I did a 30-minute benchmark (all 3 instances started in sync) with the app EA Studio that I am running 24/7 in Chromium and hence always test for the fastest builds. Interesting results can be seen in the screenshot. Just thought I´d share. Thanks for the good work and steady performance improvements! Untitled

dabugen commented 2 years ago

After some more hours of benchmarking, your 103.0.5014.0 build is still ahead of all the other builds, interestingly also compared to the build of justclueless that´s also AVX2 and the same major version (103) and actually should also be using the same optimizations like yours. Yet it´s a good bit behind in performance.
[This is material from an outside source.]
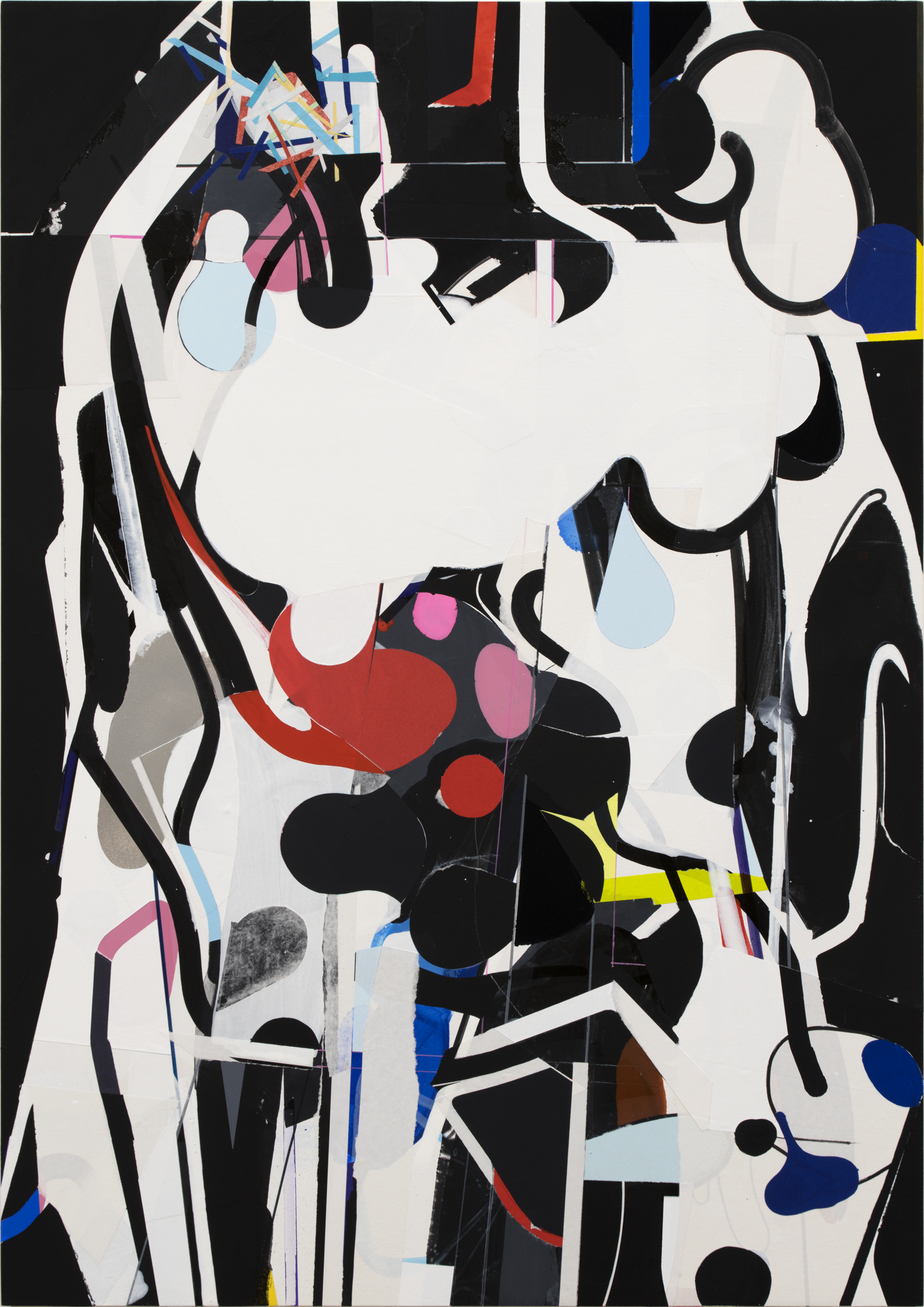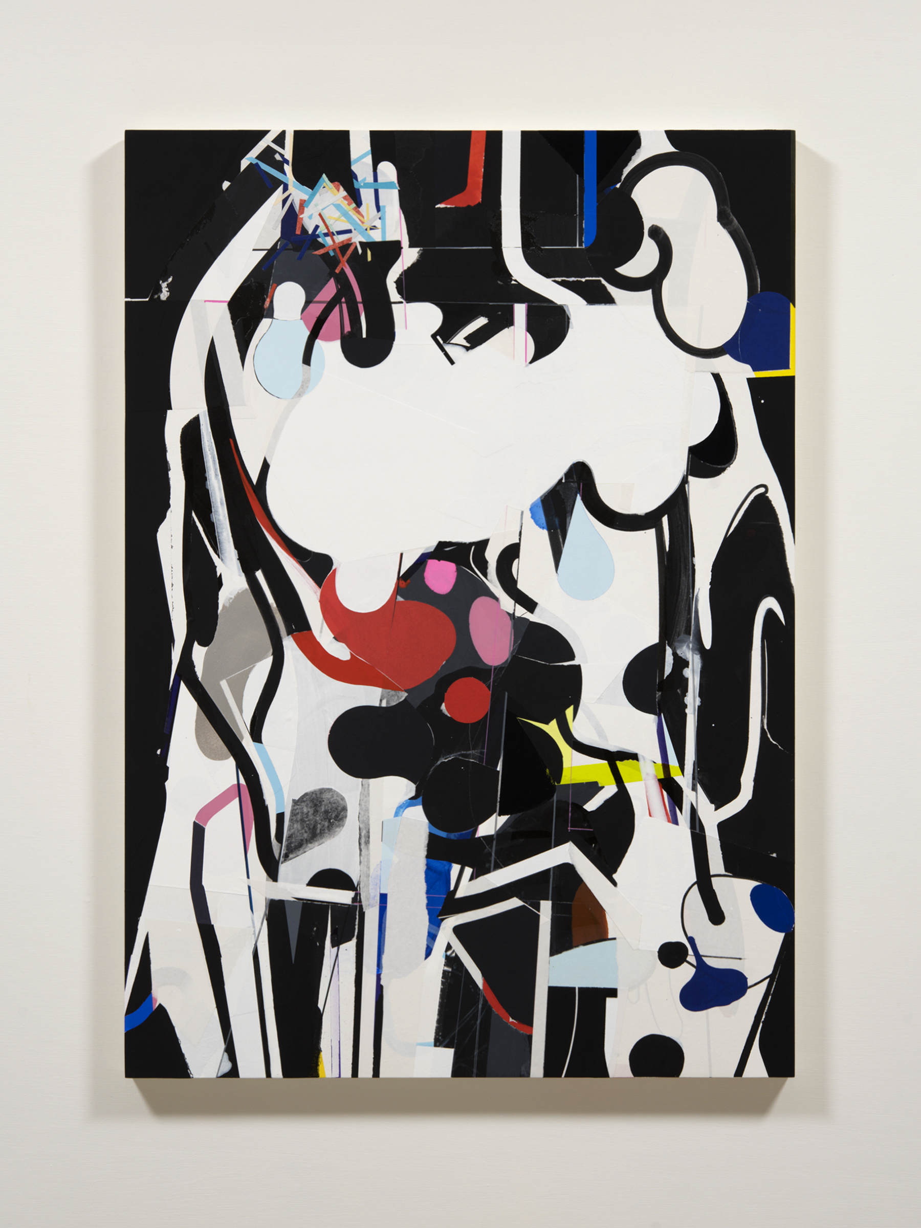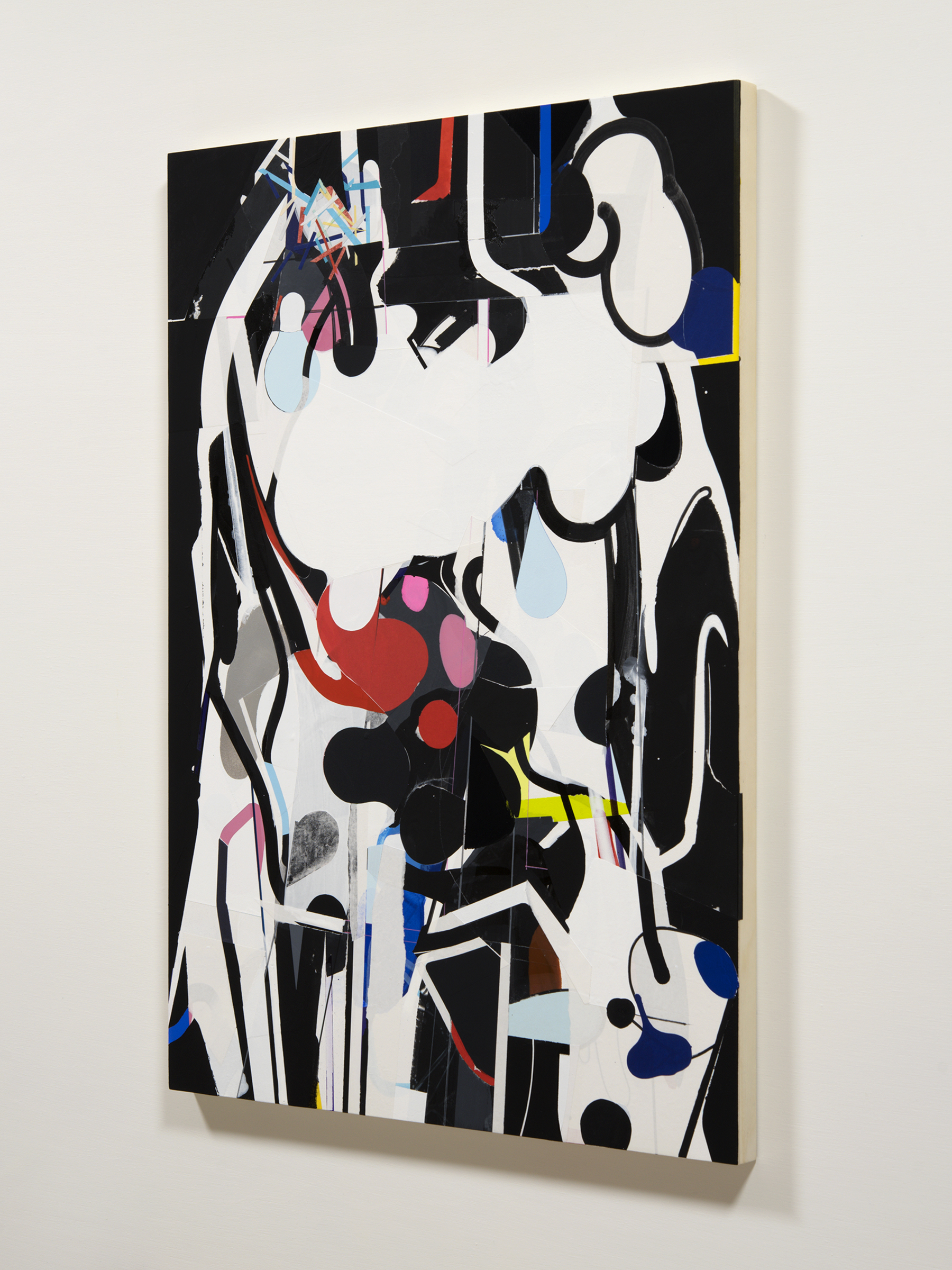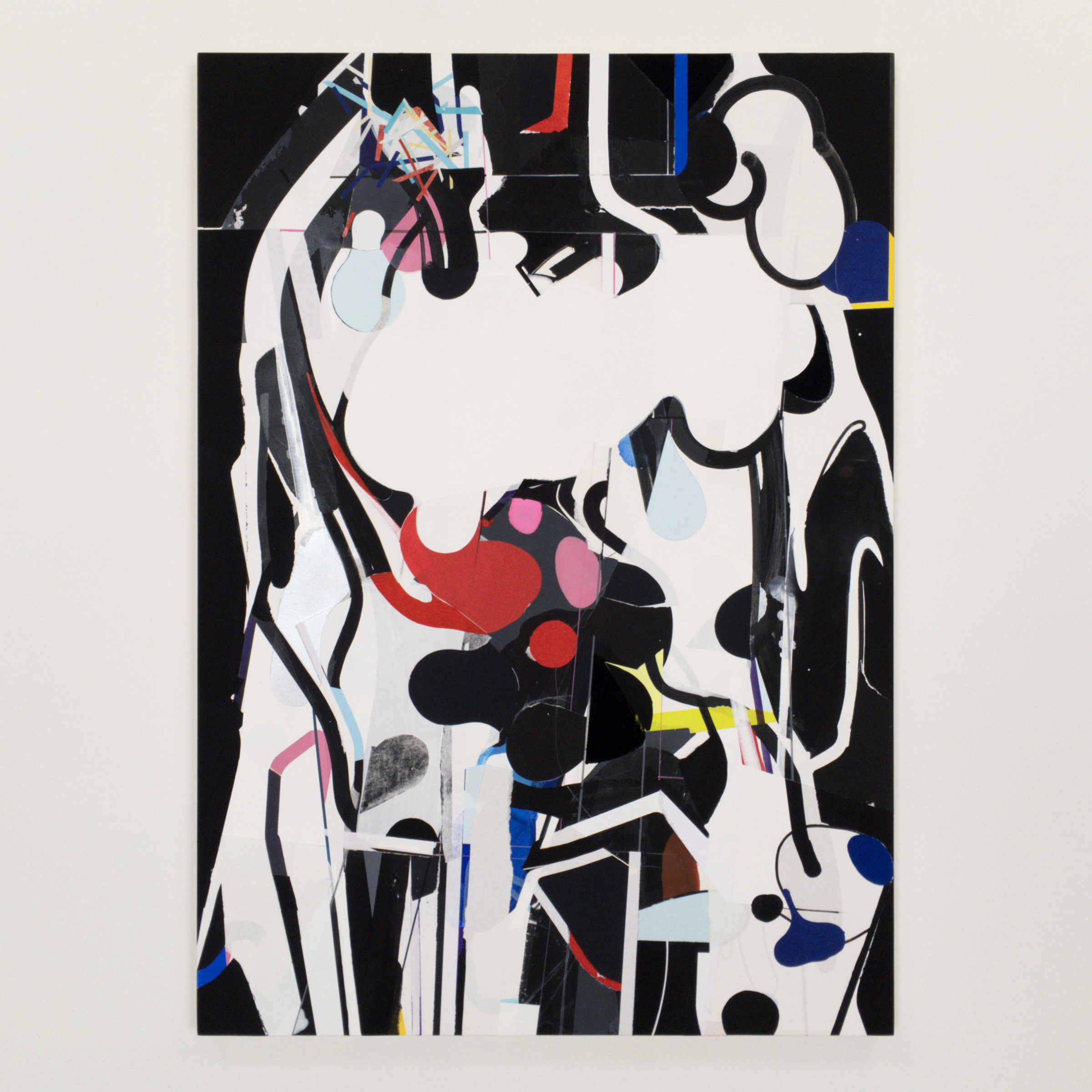 木製パネルにアクリル絵具、マーカー、紙と印刷された紙を使用したコラージュで制作されました。

But also your old 102.0.4973 is slower, on the same level of justclueless build of 103. It´s very interesting, especially since I can rule out any benchmark issues, as this has now been benchmarking for 3 hours with the exact same settings and 103.0.5014.0 is still even improving it´s distance to all the other builds. I guess you must have used some new compiler optimizations in 103.0.5014.0? Otherwise justclueless build of 103 should have the same performance, but it doesn´t.

Thanks for all the hard work, you help a lot to speed up my work! I appreciate that.

Alex313031 commented 2 years ago

@dabugen It's because he only uses AVX2. My build.gn includes AVX, AVX2, as well as AES. It also has -O3 set for cflags and ldflags, import_instr_limit set to 100 vs. 30 for vanilla chromium. And it has other optimizations that I either made myself, or came from RobRich (RIP Rob's builds, we had a long discussion, me and him, on his GitHub. I miss talking to him about Chromium). These include setting Rust components to also build with -O3 and SSE4AVX/AVX2/AES. And finally the LOOP optimizations rob shared with me as well as some new ones from upstream LLVM. These include: (copy/pasted from the main Thorium BUILD.gn)

"-mllvm", "-extra-vectorizer-passes", "-mllvm", "-enable-cond-stores-vec", "-mllvm", "-slp-vectorize-hor-store", "-mllvm", "-enable-loopinterchange", "-mllvm", "-enable-loop-distribute", "-mllvm", "-enable-unroll-and-jam", "-mllvm", "-enable-loop-flatten", "-mllvm", "-interleave-small-loop-scalar-reduction", "-mllvm", "-unroll-runtime-multi-exit", "-mllvm", "-aggressive-ext-opt",

I have combed through the build.gn files for all platforms as well as the main one, and can confidently say that I have the most optimized Chromium build out there. There's nothing else that you could optimize more, except for Polly, which Rob used for a couple of releases before ditching it because it was too much of a hassle and hacky to get it to work. I contacted him to try to give me a walkthrough on how to do it, because I wouldn't mind having to work on it to use it in Thorium, but then he stopped making releases and stopped responding on Github. He had some health issues (that's why), so I hope he's okay.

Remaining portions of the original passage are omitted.